(Stored data begins)

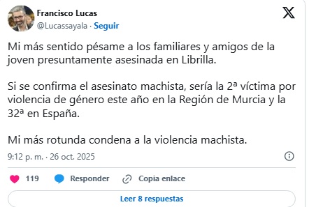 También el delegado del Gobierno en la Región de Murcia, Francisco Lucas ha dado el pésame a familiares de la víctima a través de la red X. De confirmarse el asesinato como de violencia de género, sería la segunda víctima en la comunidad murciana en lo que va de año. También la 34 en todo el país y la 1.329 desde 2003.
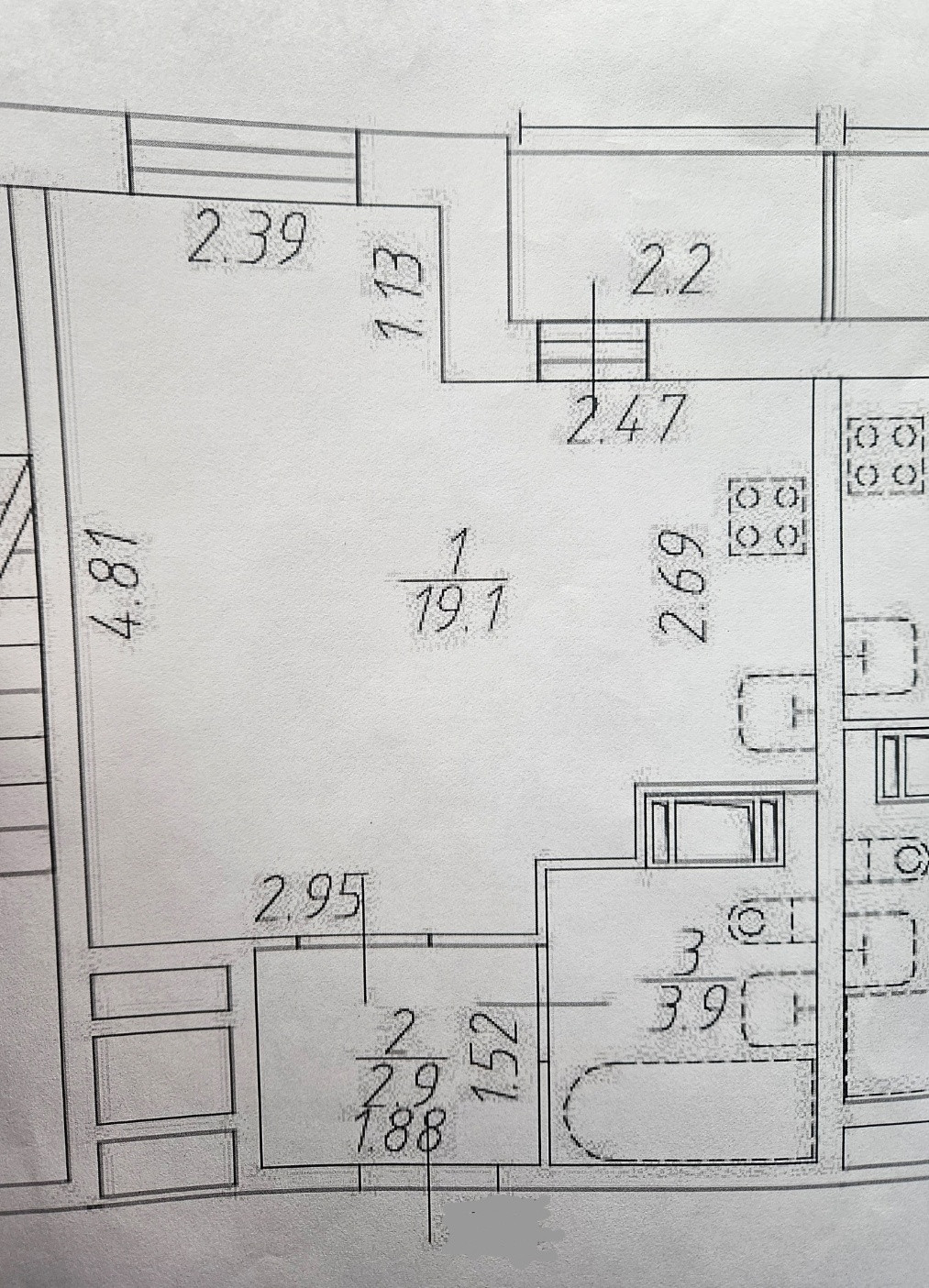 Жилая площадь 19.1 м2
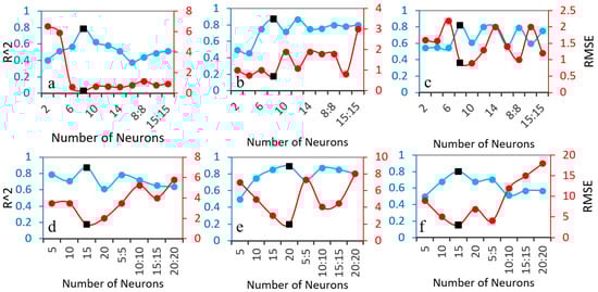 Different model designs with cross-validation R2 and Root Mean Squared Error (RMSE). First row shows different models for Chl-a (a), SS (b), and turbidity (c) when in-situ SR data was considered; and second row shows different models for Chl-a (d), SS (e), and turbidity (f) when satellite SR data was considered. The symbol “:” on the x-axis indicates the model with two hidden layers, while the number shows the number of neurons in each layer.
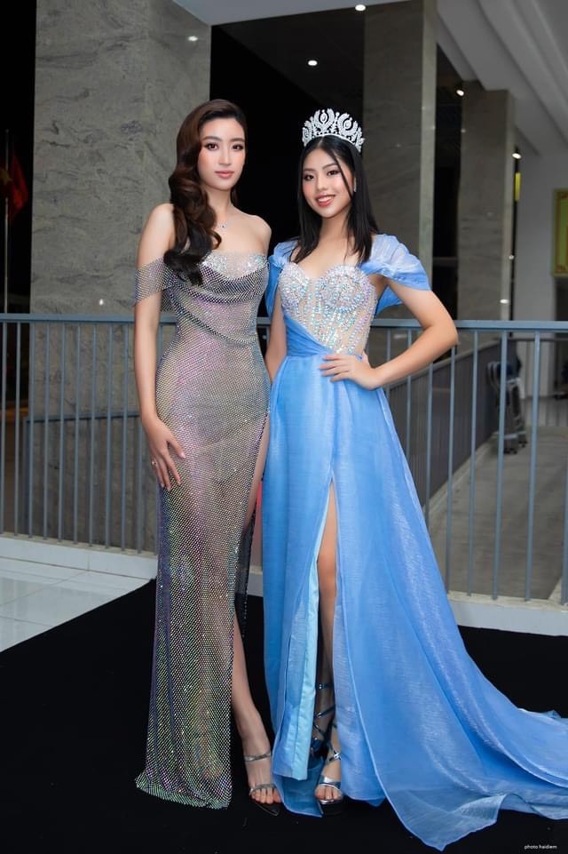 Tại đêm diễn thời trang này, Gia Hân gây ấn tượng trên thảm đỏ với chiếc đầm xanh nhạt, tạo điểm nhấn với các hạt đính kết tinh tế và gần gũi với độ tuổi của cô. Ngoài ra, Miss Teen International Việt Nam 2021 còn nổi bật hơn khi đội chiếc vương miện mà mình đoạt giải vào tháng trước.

(Stored data ends)

Without including any picture, reproduce the material above word for word.

- [Solution for this problem]
 También el delegado del Gobierno en la Región de Murcia, Francisco Lucas ha dado el pésame a familiares de la víctima a través de la red X. De confirmarse el asesinato como de violencia de género, sería la segunda víctima en la comunidad murciana en lo que va de año. También la 34 en todo el país y la 1.329 desde 2003.
 Жилая площадь 19.1 м2
 Different model designs with cross-validation R2 and Root Mean Squared Error (RMSE). First row shows different models for Chl-a (a), SS (b), and turbidity (c) when in-situ SR data was considered; and second row shows different models for Chl-a (d), SS (e), and turbidity (f) when satellite SR data was considered. The symbol “:” on the x-axis indicates the model with two hidden layers, while the number shows the number of neurons in each layer.
 Tại đêm diễn thời trang này, Gia Hân gây ấn tượng trên thảm đỏ với chiếc đầm xanh nhạt, tạo điểm nhấn với các hạt đính kết tinh tế và gần gũi với độ tuổi của cô. Ngoài ra, Miss Teen International Việt Nam 2021 còn nổi bật hơn khi đội chiếc vương miện mà mình đoạt giải vào tháng trước.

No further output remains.